MODEL_DIR = "/path/to/your/data/folder" 
MODEL_PATH = os.path.join(MODEL_DIR, "model/ResNet18_best_model.pth") # model file
STATS_PATH = os.path.join(MODEL_DIR, "model/ResNet18_normalization_stat.json") # mean and std of training set

# Path to the data you want to predict on
ROOT_DIR = "/path/to/your/data/folder" 
TEST_CSV_PATH = os.path.join(ROOT_DIR, "data/test_info.csv") # There are two columns, the first is Path and the second is label

# Path to save the final prediction results
RESULTS_DIR  = "/path/to/your/data/folder" 
PREDICTION_SAVE_PATH = os.path.join(RESULTS_DIR, "predictions_example.csv")

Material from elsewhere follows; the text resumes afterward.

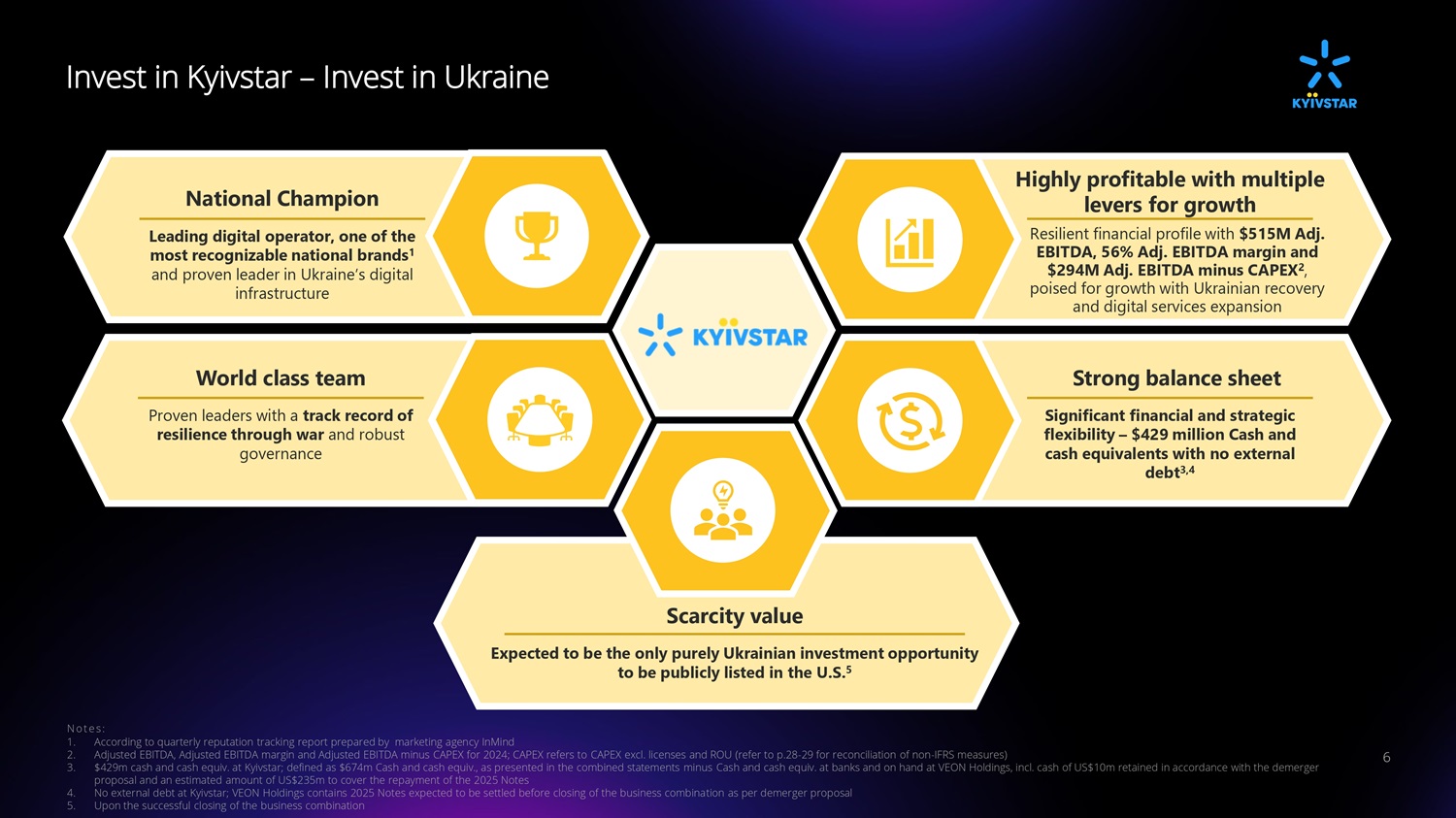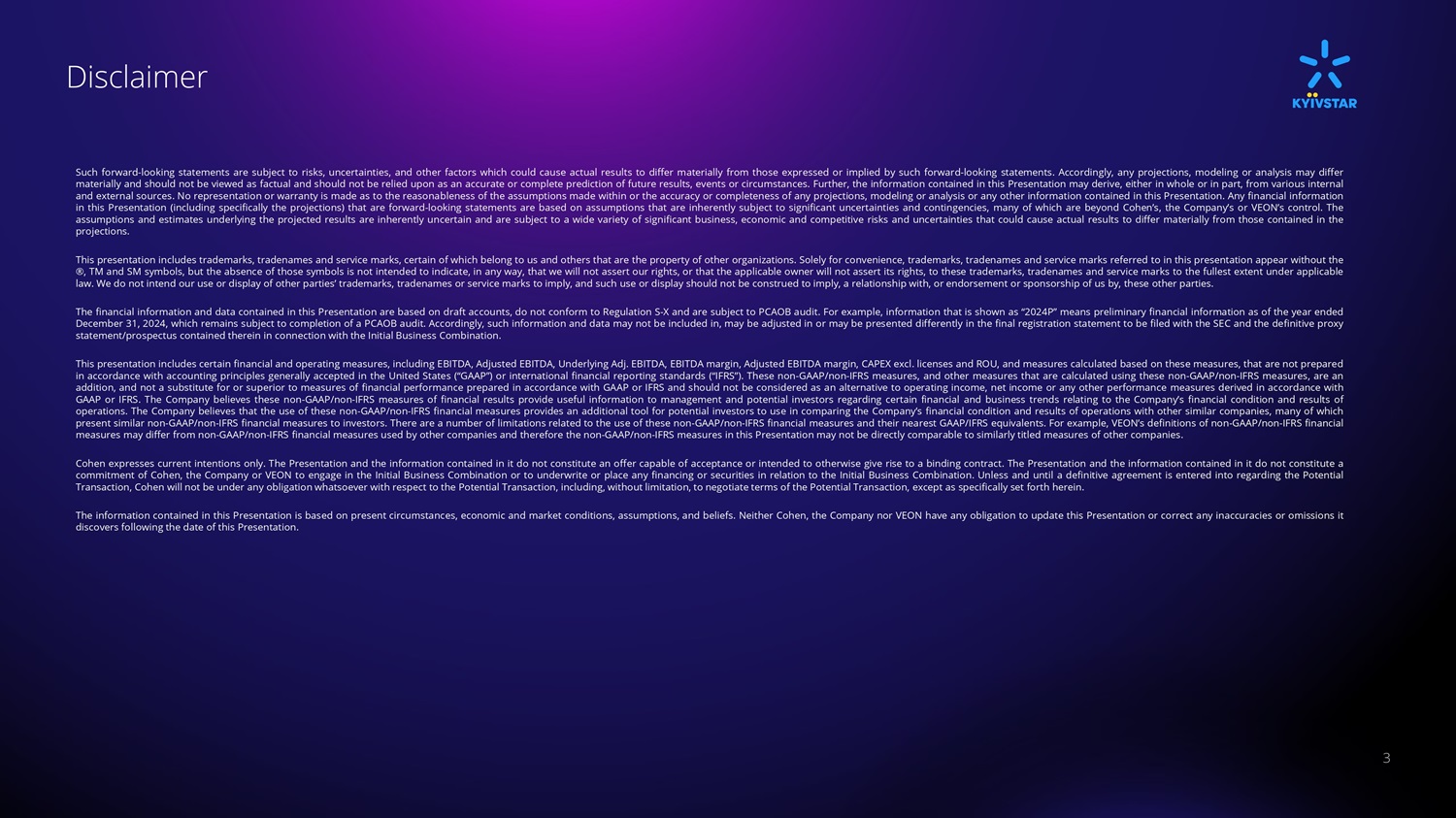 Disclaimer 2 This presentation (the “Presentation”) has been prepared by Cohen Circle Acquisition Corp . I ( “Cohen,” “us” or “we”) and is provided on a confidential basis solely to the recipients that are “accredited investors” (as defined in Rule 506 of Regulation D) (any such recipient, together with its subsidiaries and affiliates, the “Recipient”) solely for their own benefit and internal use for purposes of considering an opportunity to participate in the proposed private placement (the “Potential Transaction”) in connection with the potential initial business combination (the “Initial Business Combination”) of Cohen with PJSC Kyivstar and its subsidiaries (the “Target” or the “Company”), a subsidiary of VEON Ltd . (“VEON”) . Any reproduction or distribution of this Presentation, in whole or in part, or the disclosure of its contents, without Cohen’s prior written consent, is prohibited . This disclaimer and the requirement for strict confidentiality shall apply without prejudice to any other confidentiality obligations to which you are subject . By accepting this Presentation, you hereby agree to be bound by and comply with the restrictions contained herein . By accepting and/or by reading this Presentation, the Recipient agrees and undertakes towards Cohen, the Company and VEON that it will not, and will cause its directors, officers, employees, representatives, advisors and consultants (the “Representatives”) not to disclose any type of information relating to Cohen the Company or VEON . By accepting this Presentation, the Recipient agrees to maintain this information in the strictest confidence and to protect and safeguard this Presentation against any unauthorized publication or disclosure . Although Cohen reasonably believes the information contained in this Presentation related to Cohen and the Company is accurate in all material respects as of the date of this Presentation or the date to which the information contained in this Presentation makes reference to, neither Cohen, the Company nor any of its affiliates, directors, officers, shareholders, employees or advisers or any other person, makes any representation or warranty, either expressed or implied, as to the accuracy, completeness or reliability of the information contained herein or any other written, oral or other communications transmitted or otherwise made available to the Recipient in the course of its evaluation of the Potential Transaction . Cohen, the Company and VEON further expressly disclaim any and all liability relating to or resulting from the use of this Presentation based on the accuracy or sufficiency thereof or on any errors, omissions or misstatements, negligent or otherwise, relating thereto . Accordingly, none of Cohen, the Company, VEON nor any of its affiliates, directors, officers, shareholders, employees or advisers or any other person shall be liable for any direct, indirect or consequential loss or damages suffered or incurred by any Recipient as a result of relying on any statement in or omission from this Presentation, and the Recipient hereby expressly disclaims such liability . In addition, the information contained in this Presentation is provided as of the date hereof and may change, and neither Cohen, the Company nor VEON undertakes any obligation to update such information, including in the event that such information becomes inaccurate or incomplete . Except to the extent required by law, neither Cohen, the Company, VEON nor any other person assumes responsibility for the accuracy or completeness of the information contained in this Presentation . Further, the information contained herein is preliminary, based on a range of assumptions, is provided for discussion purposes only, is only a summary of selected key information, is not complete, does not take into account all relevant economic and market factors, does not contain certain material information about the Potential Transaction, including risk factors associated with Cohen, the Company or the Potential Transaction, and is subject to change without notice . This Presentation is not intended to contain all the information that a person may desire in considering the Potential Transaction . Prior to entering into the Potential Transaction, a person should consult with its own advisors (including but not limited to legal, regulatory, tax, business, financial and accounting advisors) to the extent necessary, and make its own investment decision and perform its own independent investigation and analysis of the Potential Transaction . The Recipient should not consider any information in this Presentation to be legal, investment, business, tax or accounting advice or a recommendation . The Recipient agrees that none of Rothschild & Co . (“Rothschild”), Cohen, the Company, VEON or any of their respective affiliates, directors, officers, employees, shareholders, advisors or agents shall have any liability for any misstatement or omission of fact or any opinion expressed herein . Any person consulting this Presentation should also carefully consider the risks and uncertainties described in the “Risk Factors” section of Cohen’s final prospectus dated October 11 , 2024 relating to its initial public offering, and subsequent periodic filings with the U . S . Securities and Exchange Commission (the "SEC") on Form 10 - Q and Form 10 - K . Any actual terms of the opportunity may vary from what is discussed herein and may do so in a material manner . There can be no assurance, and neither Cohen, the Company nor VEON gives any assurance, that Cohen or the Company will achieve the desired results or that any investor will receive any return of or on capital . This Presentation shall neither constitute an offer to sell or the solicitation of an offer to buy any securities, nor shall there be any sale of securities in any jurisdiction in which the offer, solicitation or sale would be unlaw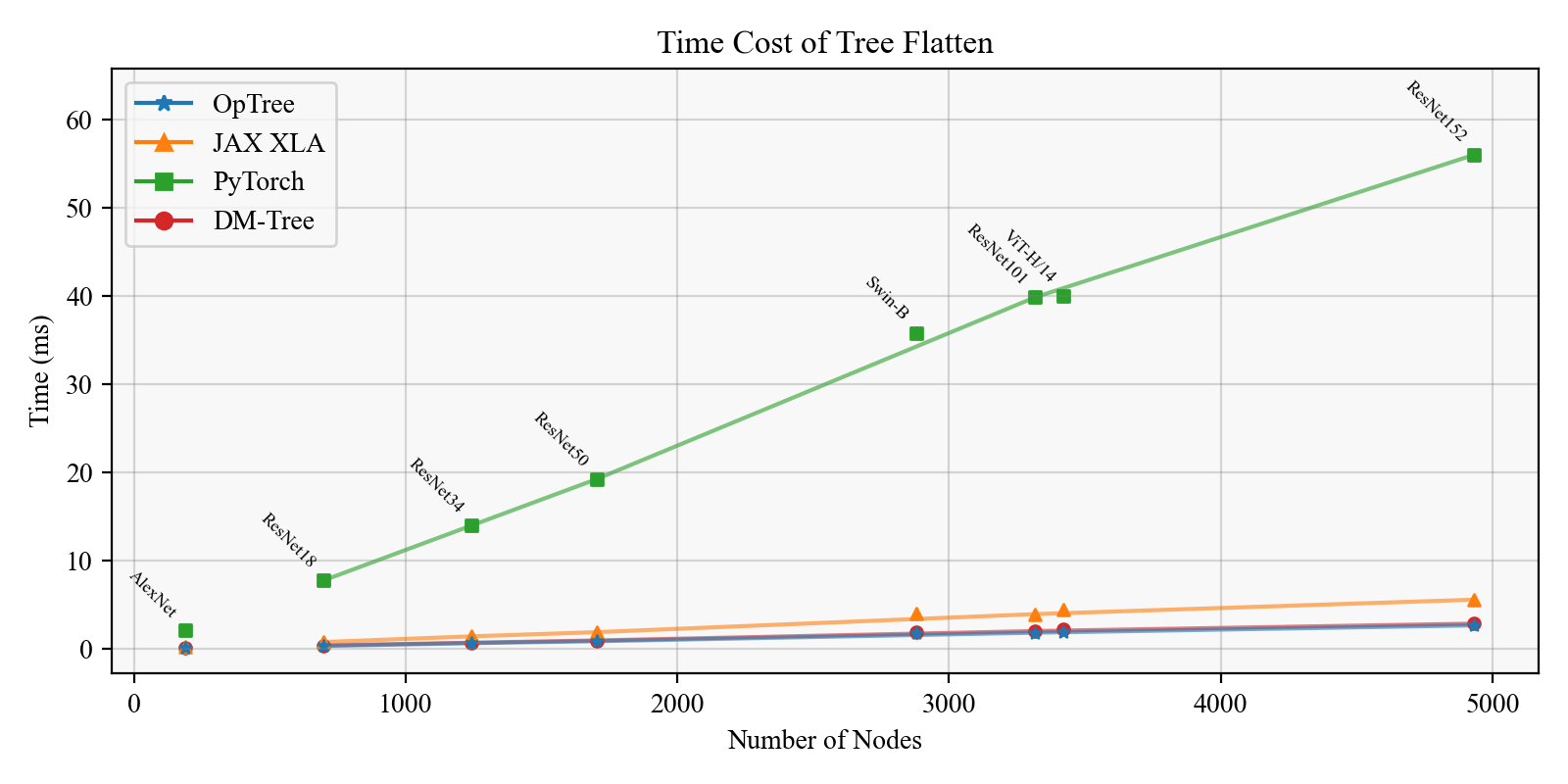 optree.tree_flatten(...) will flatten the tree and return a list of leaf nodes while the non-leaf nodes will store in the tree specification.

# --- 2. Model & Data Parameters ---
NUM_CLASSES = 10
BATCH_SIZE = 64 # You can use a larger batch size for inference

# --- 3. Device Setup ---
device = torch.device("cuda:0" if torch.cuda.is_available() else "cpu")
print(f"Using device: {device}")

# Set random seeds for reproducibility
RANDOM_SEED = 42
random.seed(RANDOM_SEED)
np.random.seed(RANDOM_SEED)
torch.manual_seed(RANDOM_SEED)
if torch.cuda.is_available():
    torch.cuda.manual_seed_all(RANDOM_SEED)



Using device: cuda:0


### Helper Functions & Classes

In [3]:
def ResNet18(num_classes):
    """Initializes the ResNet18 model structure."""
    res18 = models.resnet18(weights=None)
    num_ftrs = res18.fc.in_features
    res18.fc = nn.Linear(num_ftrs, num_classes)
    return res18

def load_model_and_transform(model_path, stats_path, num_classes, device):
    """Loads the model and the normalization transform from separate files."""
    with open(stats_path, 'r') as f:
        norm_stats = json.load(f)
    mean_loaded = norm_stats['mean']
    std_loaded = norm_stats['std']
    
    print("Loaded normalization stats:")
    print(f" - Mean: {mean_loaded}")
    print(f" - Std: {std_loaded}")
    
    model = ResNet18(num_classes).to(device)
    model.load_state_dict(torch.load(model_path, map_location=device))
    model.eval() # Set model to evaluation mode
    
    inference_transform = transforms.Compose([
        transforms.ToTensor(),
        transforms.Normalize(mean=mean_loaded, std=std_loaded)
    ])
    
    return model, inference_transform

class PredictionDataset(Dataset):
    """Custom Dataset for loading data for prediction."""
    def __init__(self, root_dir, csv_path, transform=None):
        self.root_dir = root_dir
        self.df = pd.read_csv(csv_path, header=None, names=["Path", "Label"])
        self.transform = transform

    def __len__(self):
        return len(self.df)

    def __getitem__(self, index):
        row = self.df.iloc[index]
        img_path_relative = row["Path"]
        label_str = row["Label"] # We'll keep the string label for the final CSV
        
        img_path_full = os.path.join(self.root_dir, img_path_relative)
        image = Image.open(img_path_full).convert("RGB")
        
        if self.transform:
            image = self.transform(image)
            
        return image, label_str, img_path_full

### Load the Model and Data

In [4]:
# 1. Load the trained model and the corresponding data transform
print("--- Loading Model and Normalization Stats ---")
model, inference_transform = load_model_and_transform(MODEL_PATH, STATS_PATH, NUM_CLASSES, device)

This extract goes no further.